Essentially all physiological and morphological characteristics include herein at least small, edible fruits and dual purpose pollenizer characteristics as described throughout the description and examples. Thus in one aspect essentially all physiological and morphological characteristics refer herein to a plant having the fruit characteristics and/or the flowering (pollenizer) characteristics as described in specification and the Examples.
Also a plant part (e.g., a fruit, tissue, cell, cell culture, vegetative propagation, pollen, etc.) is provided which, when regenerated or grown into a whole plant, has essentially all the morphological and/or physiological characteristics of WH9306, WH9307, WH9308, WH9309, WH9322, WH9313, WH9317, WH9318, WH9319, WH9320 or WH9321, WH9716, WH9717, WH9721.
Also provided is a plant derived from (or obtained from) or derivable from (or obtainable from) any of WH9306, WH9307, WH9308, WH9309, WH9322, WH9313, WH9317, WH9318, WH9319, WH9320 or WH9321, WH9716, WH9717, WH9721 having one or two physiological and/or morphological characteristics which are different from the WH plant listed and which otherwise has essentially all physiological and morphological characteristics of a plant designated WH9306, WH9307, WH9308, WH9309, WH9322, WH9313, WH9317, WH9318, WH9319, WH9320 or WH9321, WH9716, WH9717, WH9721 obtainable by further breeding with the WH plant and/or by selecting a natural or induced mutant, or a somaclonal variant from a population of plants designated WH9306, WH9307, WH9308, WH9309, WH9322, WH9313, WH9317, WH9318, WH9319, WH9320 or WH9321 WH9716, WH9717, WH9721.
Thus, the invention provides a seed of watermelon variety WH9306, WH9307, WH9308, WH9309, WH9322, WH9313, WH9317, WH9318, WH9319, WH9320, WH9321, WH9716, WH9717, or WH9721, wherein a representative sample of said seed has been deposited under Accession Number NCIMB ______.
The invention provides a plant of watermelon variety WH9306, WH9307, WH9308, WH9309, WH9322, WH9313, WH9317, WH9318, WH9319, WH9320, WH9321, WH9716, WH9717, or WH9721, or a part thereof, wherein a representative sample of seed of said variety has been deposited under Accession Number NCIMB ______.

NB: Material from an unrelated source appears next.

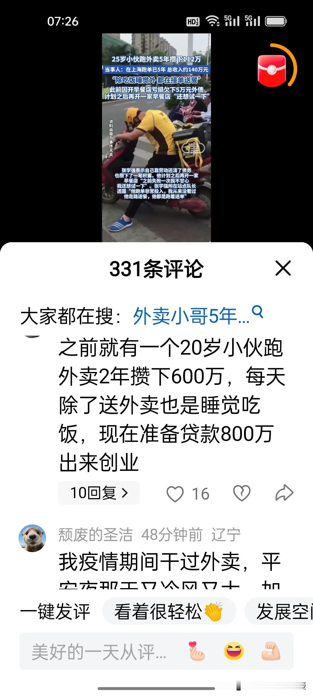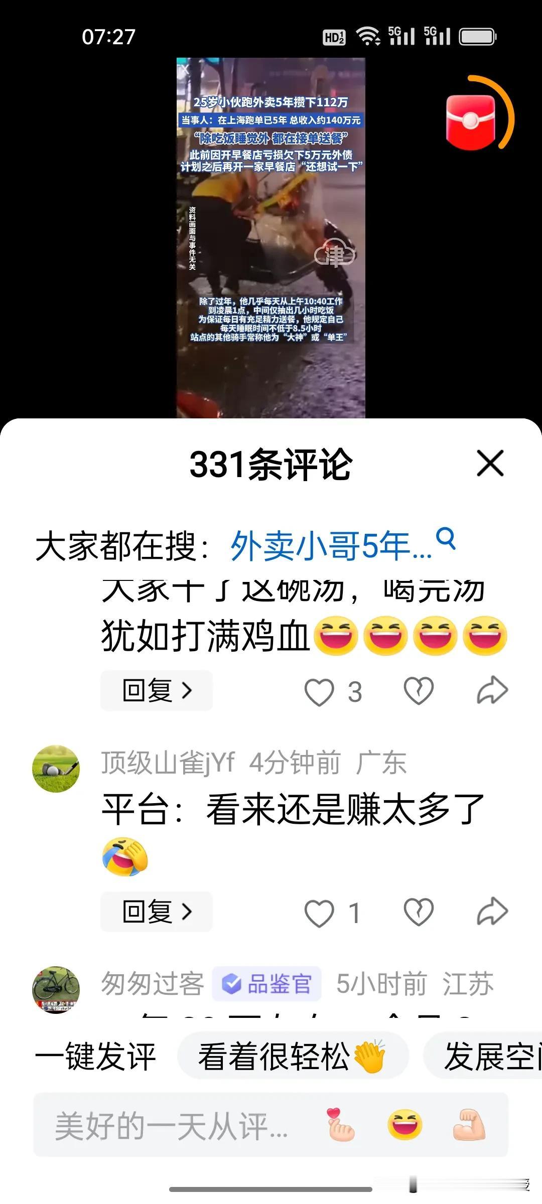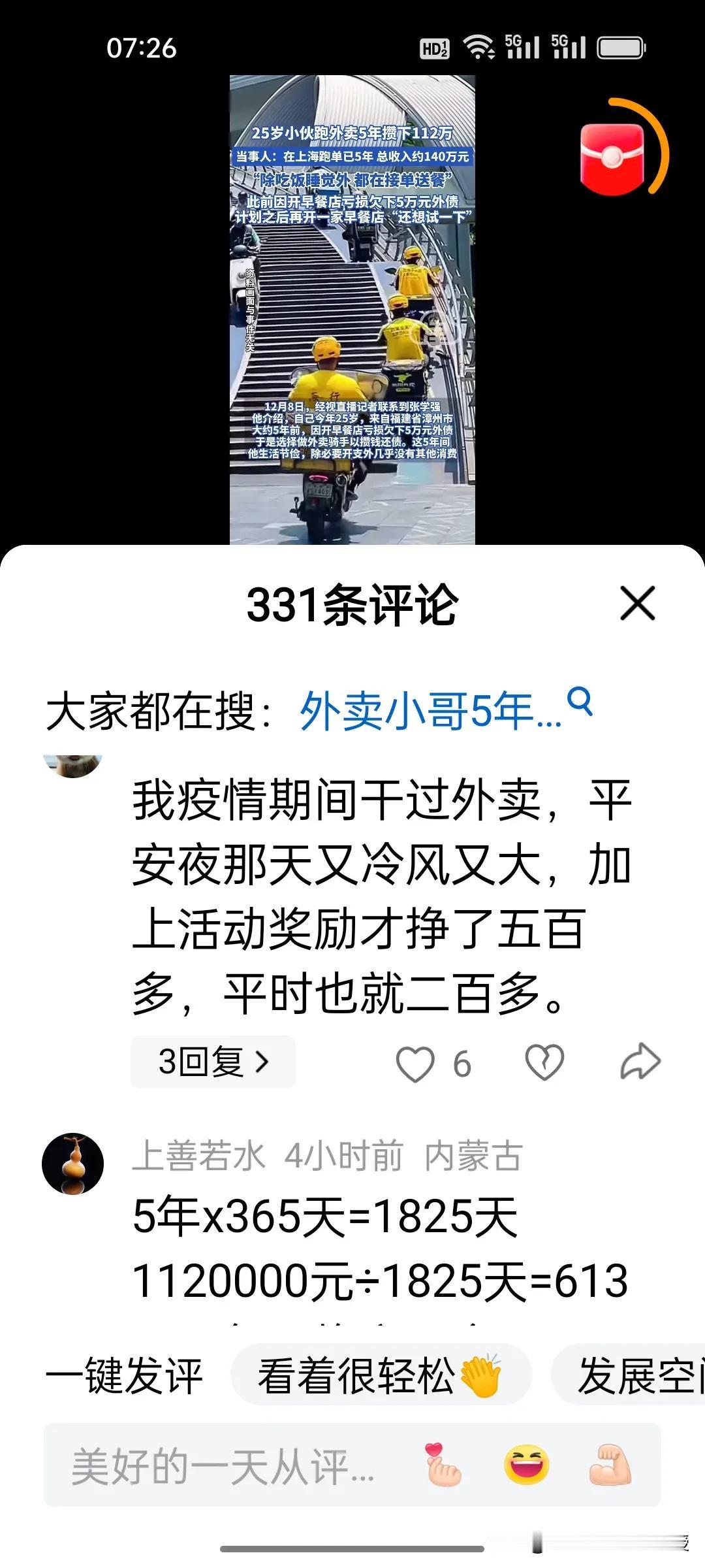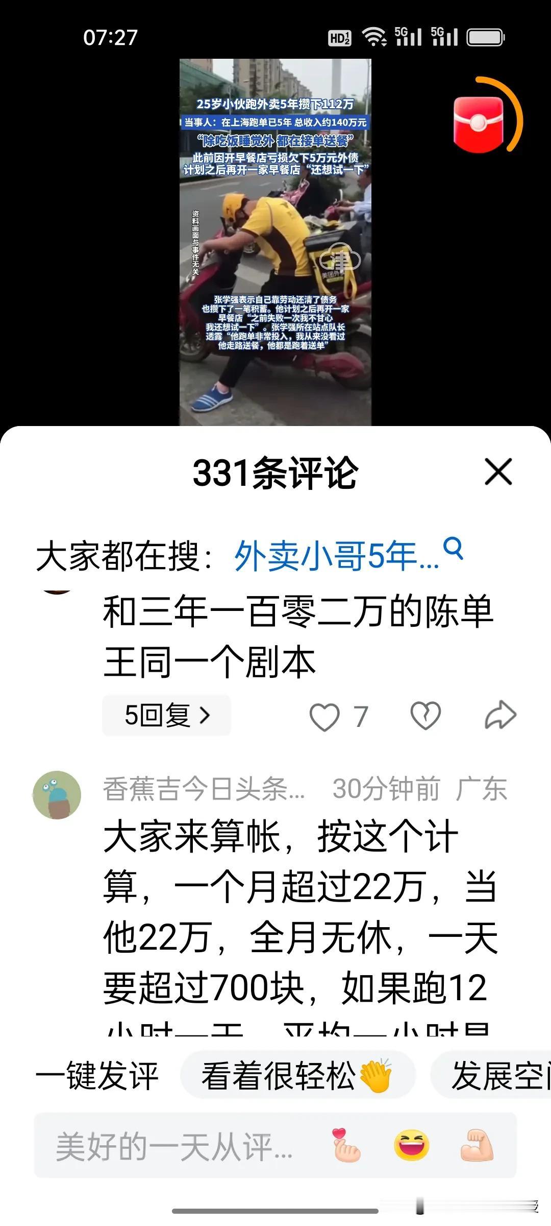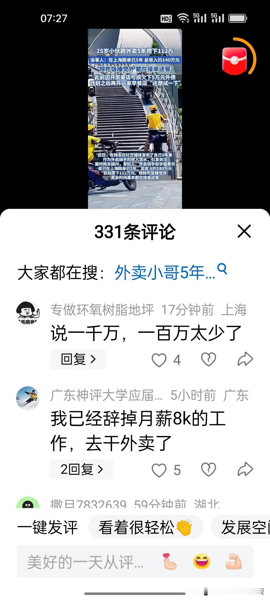 福建25岁小伙在上海跑外卖5年赚140万,一年挣28万,一个月挣2.3万,秒杀99%的打工人。最近一支关于阿岚从设计师到女外卖员还能看风景买单反拍照的公益广告下架了,被指不接地气,接着我们就看到了跑外卖能致富的鲜活案例。 特地查了一下北京的普通全职骑手的月收入情况,基本到手6000-9000元/月,日均40-50单,含基础提成+补贴。想要做到平均一个月挣到2.3万,还能像这位小伙一样每天睡8.5小时,难度系数很大啊!

The invention provides a fruit of watermelon variety WH9306, WH9307, WH9308, WH9309, WH9322, WH9313, WH9317, WH9318, WH9319, WH9320, WH9321, WH9716, WH9717, or WH9721, or a plant part produced from the plant above.
The invention provides a method of producing a watermelon plant, comprising crossing any one of the plants of WH9306, WH9307, WH9308, WH9309, WH9322, WH9313, WH9317, WH9318, WH9319, WH9320, WH9321, WH9716, WH9717, or WH9721 with a second watermelon plant one or more times, and selecting progeny from said crossing.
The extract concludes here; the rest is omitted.